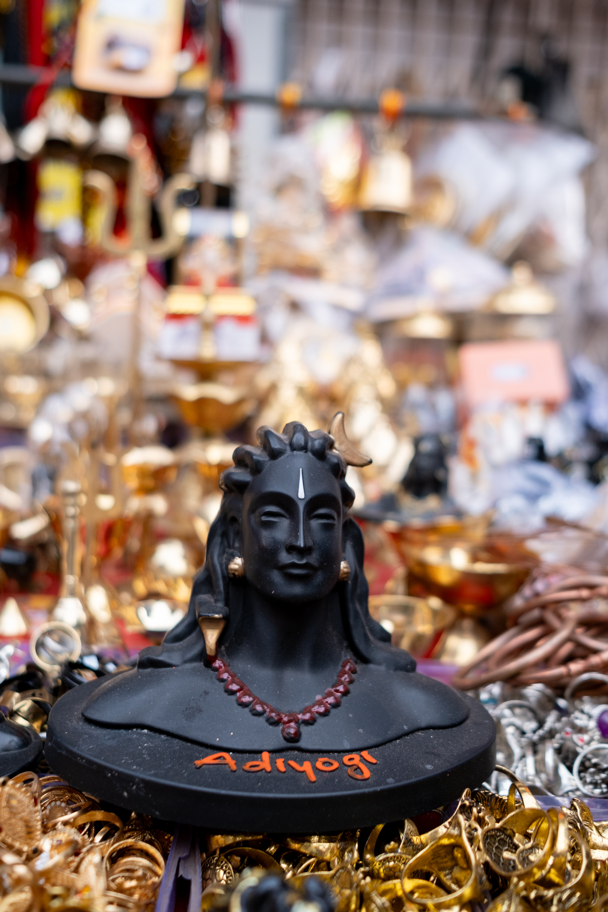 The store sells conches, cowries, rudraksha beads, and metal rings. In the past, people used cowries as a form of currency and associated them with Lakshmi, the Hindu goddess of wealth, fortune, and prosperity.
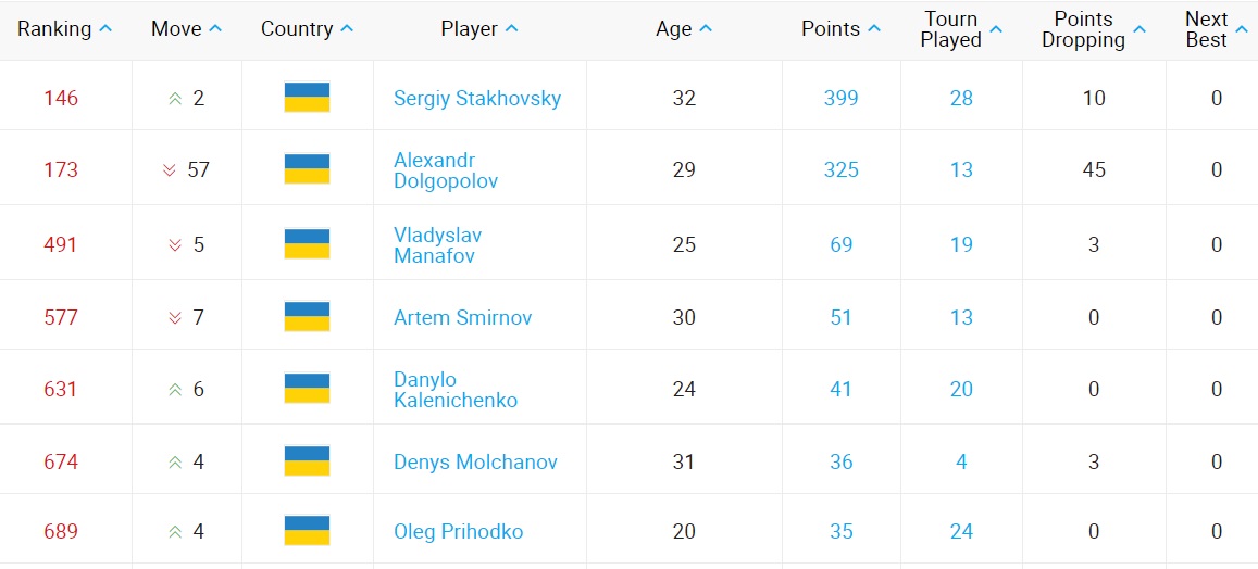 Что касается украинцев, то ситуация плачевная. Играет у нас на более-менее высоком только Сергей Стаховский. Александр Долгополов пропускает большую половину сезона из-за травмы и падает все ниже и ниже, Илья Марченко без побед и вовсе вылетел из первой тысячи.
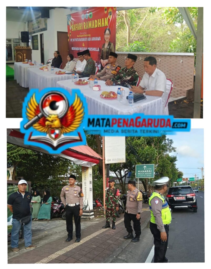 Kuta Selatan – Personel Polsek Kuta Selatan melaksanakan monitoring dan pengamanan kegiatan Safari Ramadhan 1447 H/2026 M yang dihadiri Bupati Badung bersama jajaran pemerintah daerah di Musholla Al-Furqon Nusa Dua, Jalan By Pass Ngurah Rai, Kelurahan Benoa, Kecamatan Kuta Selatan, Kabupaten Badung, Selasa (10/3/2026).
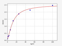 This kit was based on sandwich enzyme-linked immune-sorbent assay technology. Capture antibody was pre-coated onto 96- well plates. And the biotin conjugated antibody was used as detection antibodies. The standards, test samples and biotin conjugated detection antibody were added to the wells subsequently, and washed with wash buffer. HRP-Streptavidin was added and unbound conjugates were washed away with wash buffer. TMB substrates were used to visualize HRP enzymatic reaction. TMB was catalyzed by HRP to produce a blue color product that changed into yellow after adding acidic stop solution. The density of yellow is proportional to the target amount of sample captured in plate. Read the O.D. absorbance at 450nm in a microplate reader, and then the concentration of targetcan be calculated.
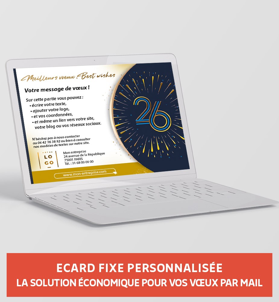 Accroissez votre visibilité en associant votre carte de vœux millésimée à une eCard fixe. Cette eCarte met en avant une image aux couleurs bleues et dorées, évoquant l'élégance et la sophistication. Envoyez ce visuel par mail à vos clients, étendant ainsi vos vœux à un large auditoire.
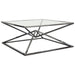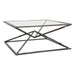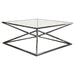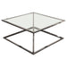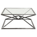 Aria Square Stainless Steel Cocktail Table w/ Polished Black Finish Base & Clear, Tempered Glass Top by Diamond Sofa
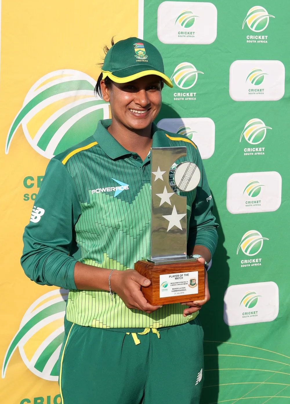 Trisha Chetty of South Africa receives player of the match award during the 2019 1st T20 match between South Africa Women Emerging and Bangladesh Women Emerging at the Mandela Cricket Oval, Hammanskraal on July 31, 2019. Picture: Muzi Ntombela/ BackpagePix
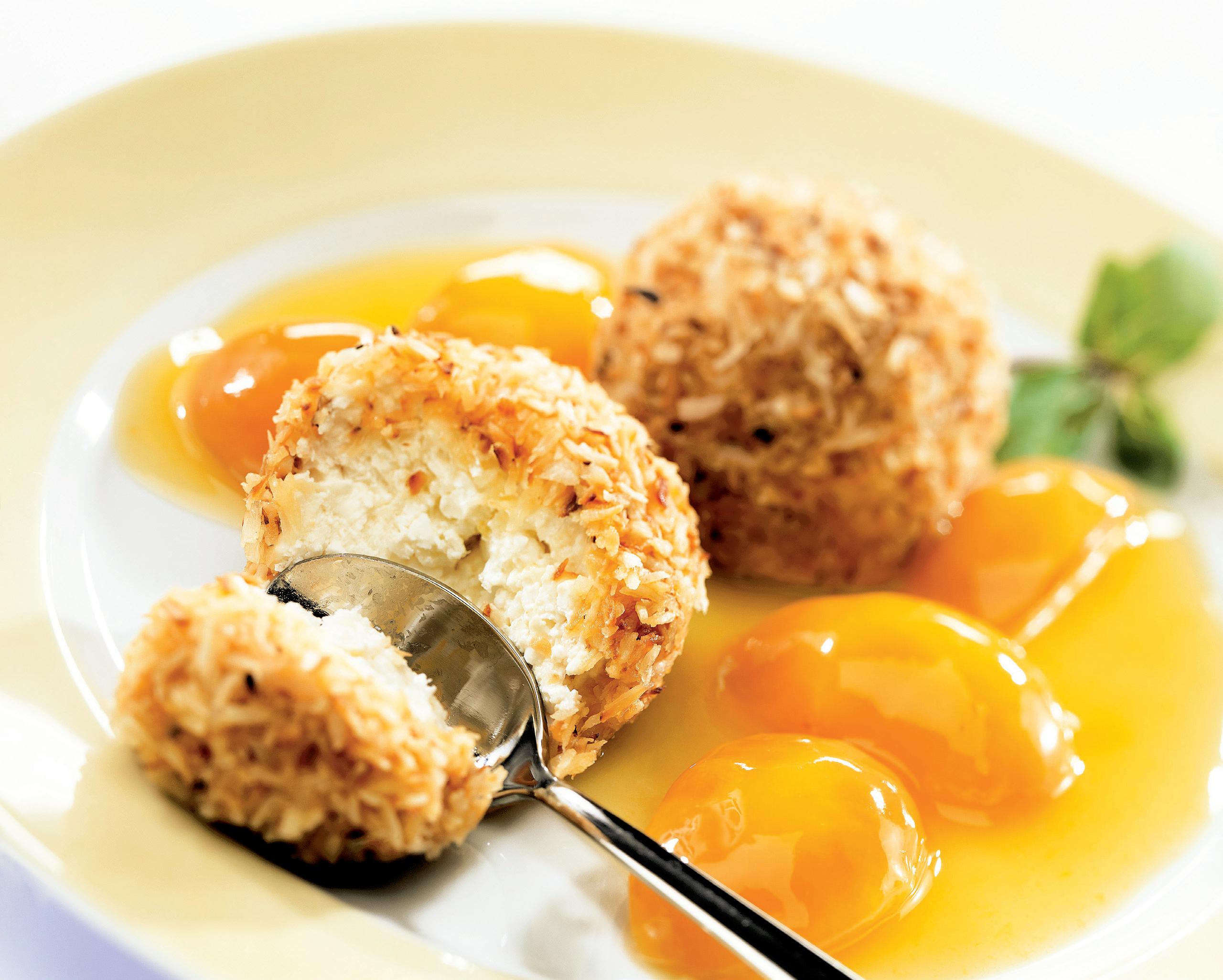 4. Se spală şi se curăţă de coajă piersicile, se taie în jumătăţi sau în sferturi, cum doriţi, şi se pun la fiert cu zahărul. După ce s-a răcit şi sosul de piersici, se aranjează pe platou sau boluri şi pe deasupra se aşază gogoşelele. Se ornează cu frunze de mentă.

┄┄┄┄┄┄┄┄┄┄┄┄┄┄┄┄┄┄┄┄

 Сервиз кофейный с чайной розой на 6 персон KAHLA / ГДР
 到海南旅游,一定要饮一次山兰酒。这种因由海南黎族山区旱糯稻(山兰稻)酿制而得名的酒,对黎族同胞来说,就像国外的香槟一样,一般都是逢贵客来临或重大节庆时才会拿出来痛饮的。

┄┄┄┄┄┄┄┄┄┄┄┄┄┄┄┄┄┄┄┄

- _What you are asked to do_
Your answer must be the lines above from the one holding "Aria Square Stainless" up to and including the one holding "Trisha Chetty of", exact and with no pictures.

- _Solved exercise_
 Aria Square Stainless Steel Cocktail Table w/ Polished Black Finish Base & Clear, Tempered Glass Top by Diamond Sofa
 Trisha Chetty of South Africa receives player of the match award during the 2019 1st T20 match between South Africa Women Emerging and Bangladesh Women Emerging at the Mandela Cricket Oval, Hammanskraal on July 31, 2019. Picture: Muzi Ntombela/ BackpagePix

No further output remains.